Would you please copy all of the data exactly, skipping the images?

··· Supplied data

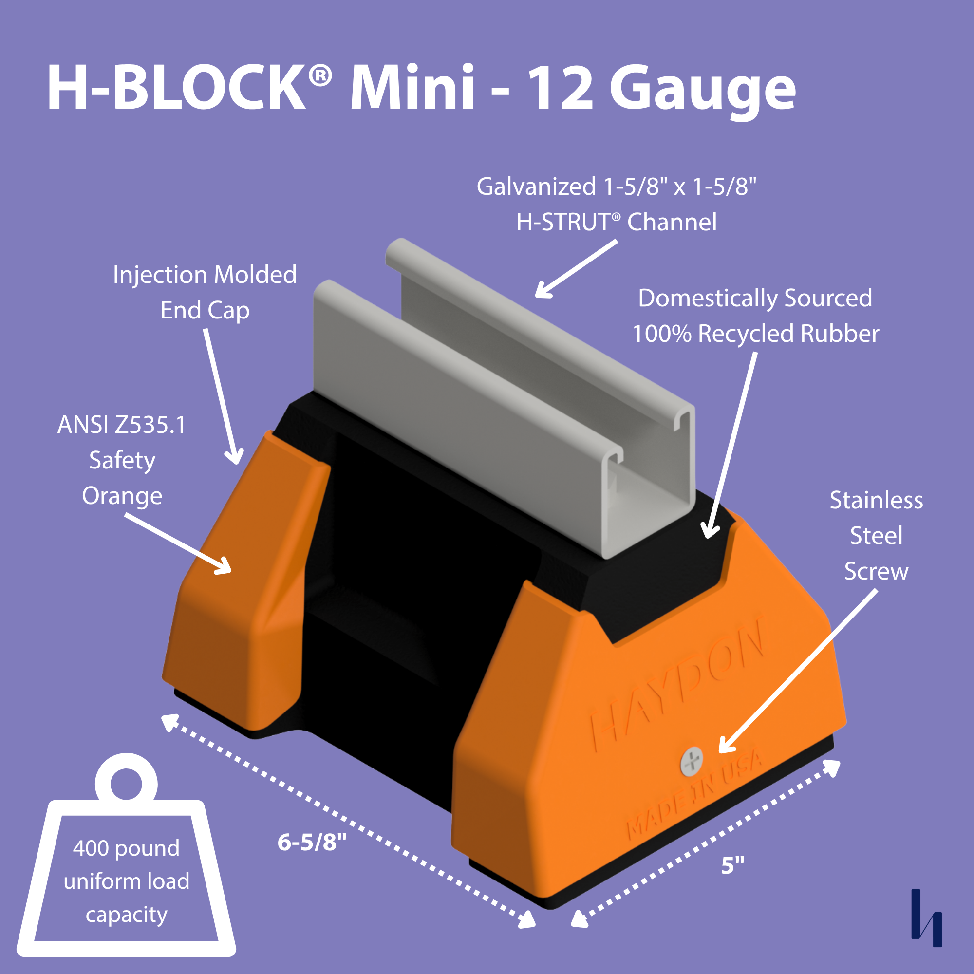 H-Block Mini Rooftop Support Series is designed specifically for single pipe supporting. The H-Block Mini Series with H-132 has 1⅝" pre-galvanized steel channel and is UV resistant and suitable for installation on most types of roofing material or other flat surfaces.
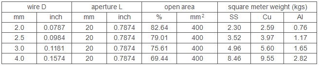 20mm double intermediate crimped wire mesh Using 2.0-4.0mm diameter wire, by double intermediate crimped weaving, woven 20mm opening for solid particles. This wire diameter and mesh with ratio reasonable,flat surface, strong wear resistance and firm structure.
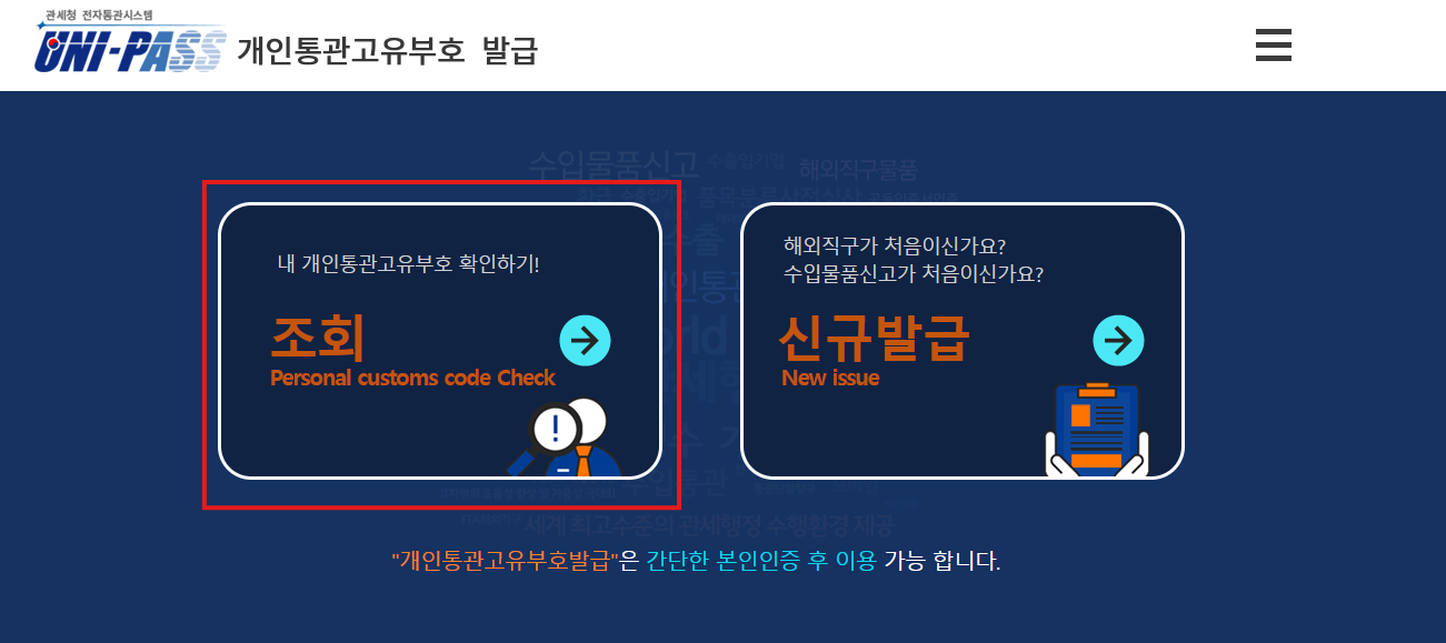 - '개인통관고유부호 발급' 메뉴 클릭

······

Reply to the exercise ->
 H-Block Mini Rooftop Support Series is designed specifically for single pipe supporting. The H-Block Mini Series with H-132 has 1⅝" pre-galvanized steel channel and is UV resistant and suitable for installation on most types of roofing material or other flat surfaces.
 20mm double intermediate crimped wire mesh Using 2.0-4.0mm diameter wire, by double intermediate crimped weaving, woven 20mm opening for solid particles. This wire diameter and mesh with ratio reasonable,flat surface, strong wear resistance and firm structure.
 - '개인통관고유부호 발급' 메뉴 클릭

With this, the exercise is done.